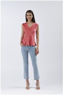 Blusa sin mangas con escote confeccionada en satén de viscosa. escote de pico. informal y al mismo tiempo refinada esta blusa es perfecta para cualquier ocasión combinada con los accesorios adecuados.
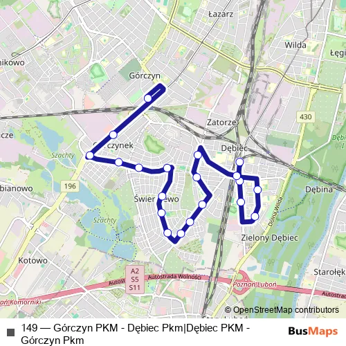 Click here to view the nearest 149 - Górczyn PKM - Dębiec Pkm|Dębiec PKM - Górczyn Pkm bus stop.
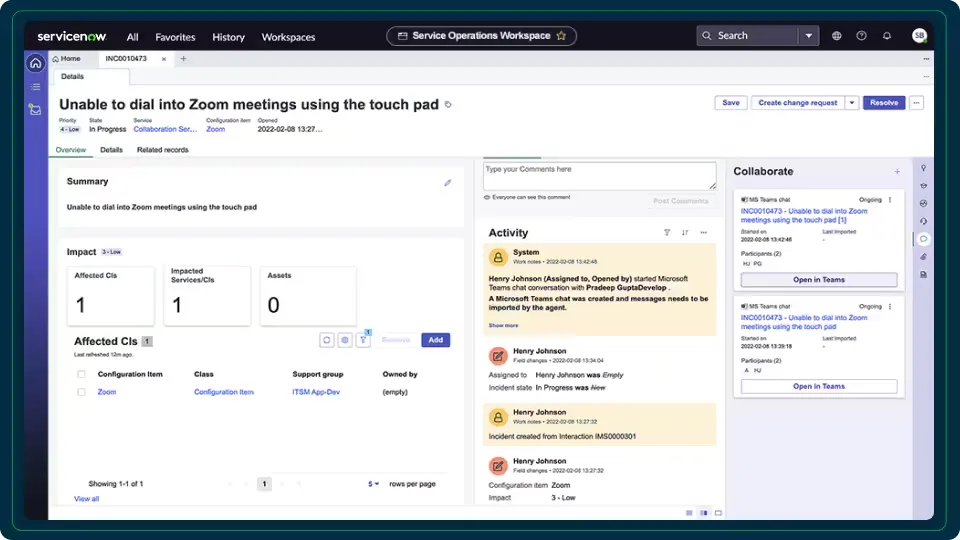 Service Operations WorkspaceServiceNow
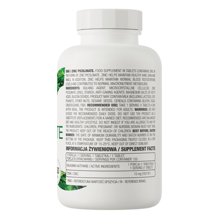 Picolinatul de zinc sunt tablete ce conțin zinc sub formă de picolinat. Acesta contribuie la fertilitate, la funcția reproductivă adecvată, la nivelurile optime de testosteron și la sinteza adecvată a ADN-ului. De asemenea, zincul este benefic pentru funcționarea imunității și pentru protecția celulelor împotriva stresului oxidativ.
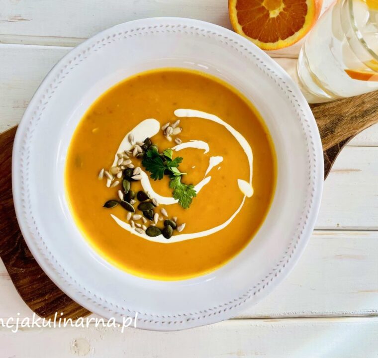 Pyszna zupa dyniowa z suszonymi pomidorami, imbirem i kurkumą. Pyszna i rozgrzewająca.
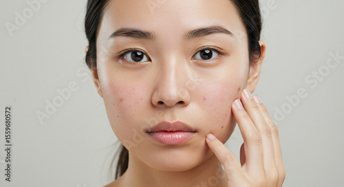 肌トラブルに悩む日本人人女性、素肌ポートレート(ノーメイク・高解像度)、シミやニキビ、毛穴の悩み
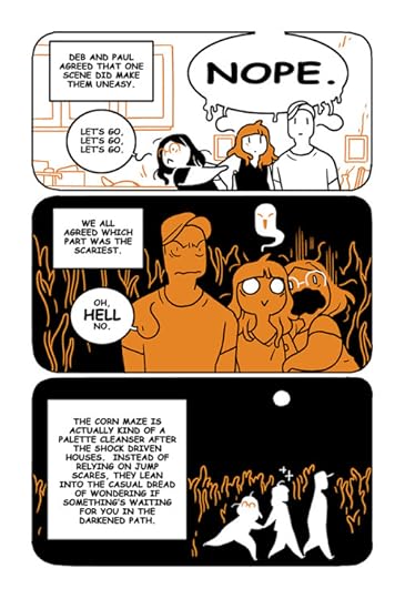CAPTION: The corn maze is actually kind of a palettecleanser after the shock driven houses. Instead of relying on jump scares, they lean into the casual dread ofwondering if something waiting for you in the darkened path.
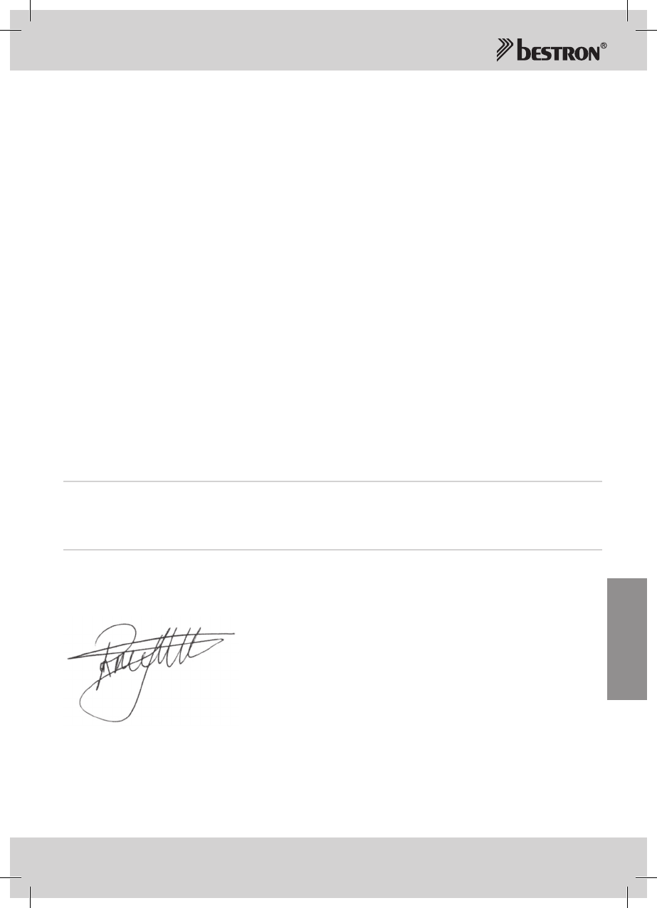 10.Per reclamare la garanzia, potete rivolgervi al vostro negoziante. Bestron offre anche la possibilità
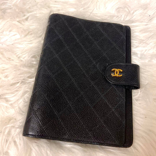 Chanel Matrasse Quilted 黒色 MM 手帳カバー
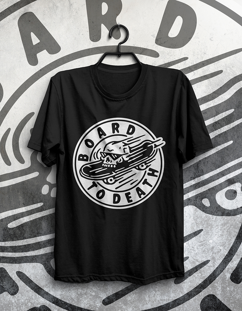 Board to death is a vector design. The files imcluding Ai, EPS and PNG with transparent background. Perfect for both digital print and screen printing.
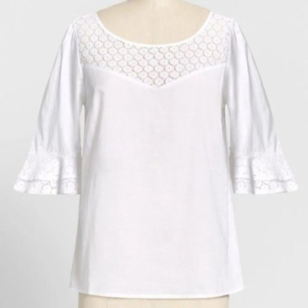 Modcloth It’s The Lace I Can Do Cotton Blouse White Medium. Essential White cotton top. Tiered Ruffl... Show more
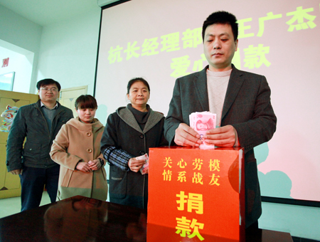 王广杰今年45岁,是全国“五一”劳动奖章获得者,在参加杭州湾跨海大桥施工时,荣获过“浙江省劳模”称号。不幸的是,他患上了急性髓性M1型白血病,已花去100多万元医药费,还需要近100万元后续治疗费用。该经理部为此向全体员工发出倡议。王广杰接受骨髓移植手术后,亟须的AB型血小板紧缺,15名符合要求的职工共捐献血小板150个单位。截至目前,收到5个分部340余名员工、家属的爱心捐款近4万元。
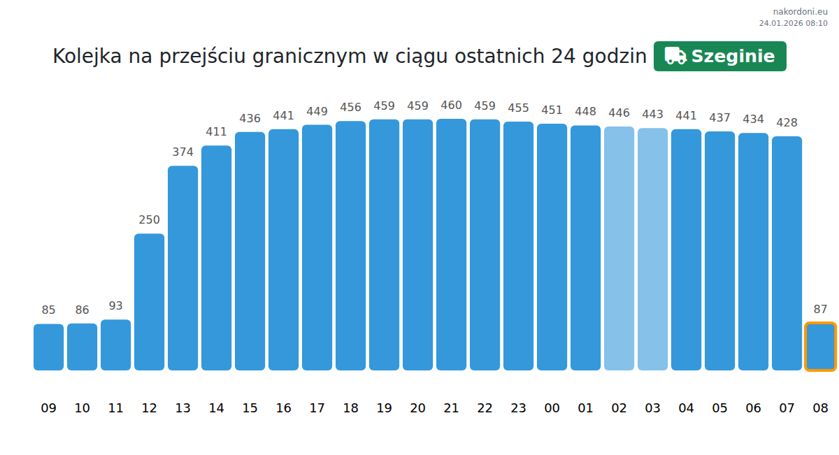 Na przejściu granicznym Szeginie szacowany czas oczekiwania dla pojazdów wynosi od 15 do 939 minut. Unikaj godzin szczytu między 11:00 a 13:00, aby szybciej przekroczyć granicę. Najlepsze godziny na przejazd to zazwyczaj 02:00, 03:00 lub 06:00.
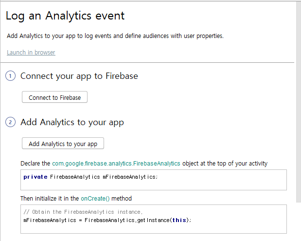 가장 위에 있는 Analytics를 눌러보면 Log an Analytics event가 있어요. 클릭해줍니다.

= = =

* Exercise goal: With all pictures left out, please transcribe exactly the lines from the start of the material through the line with "CAPTION: The corn".

* Result of this task:
 Blusa sin mangas con escote confeccionada en satén de viscosa. escote de pico. informal y al mismo tiempo refinada esta blusa es perfecta para cualquier ocasión combinada con los accesorios adecuados.
 Click here to view the nearest 149 - Górczyn PKM - Dębiec Pkm|Dębiec PKM - Górczyn Pkm bus stop.
 Service Operations WorkspaceServiceNow
 Picolinatul de zinc sunt tablete ce conțin zinc sub formă de picolinat. Acesta contribuie la fertilitate, la funcția reproductivă adecvată, la nivelurile optime de testosteron și la sinteza adecvată a ADN-ului. De asemenea, zincul este benefic pentru funcționarea imunității și pentru protecția celulelor împotriva stresului oxidativ.
 Pyszna zupa dyniowa z suszonymi pomidorami, imbirem i kurkumą. Pyszna i rozgrzewająca.
 肌トラブルに悩む日本人人女性、素肌ポートレート(ノーメイク・高解像度)、シミやニキビ、毛穴の悩み
CAPTION: The corn maze is actually kind of a palettecleanser after the shock driven houses. Instead of relying on jump scares, they lean into the casual dread ofwondering if something waiting for you in the darkened path.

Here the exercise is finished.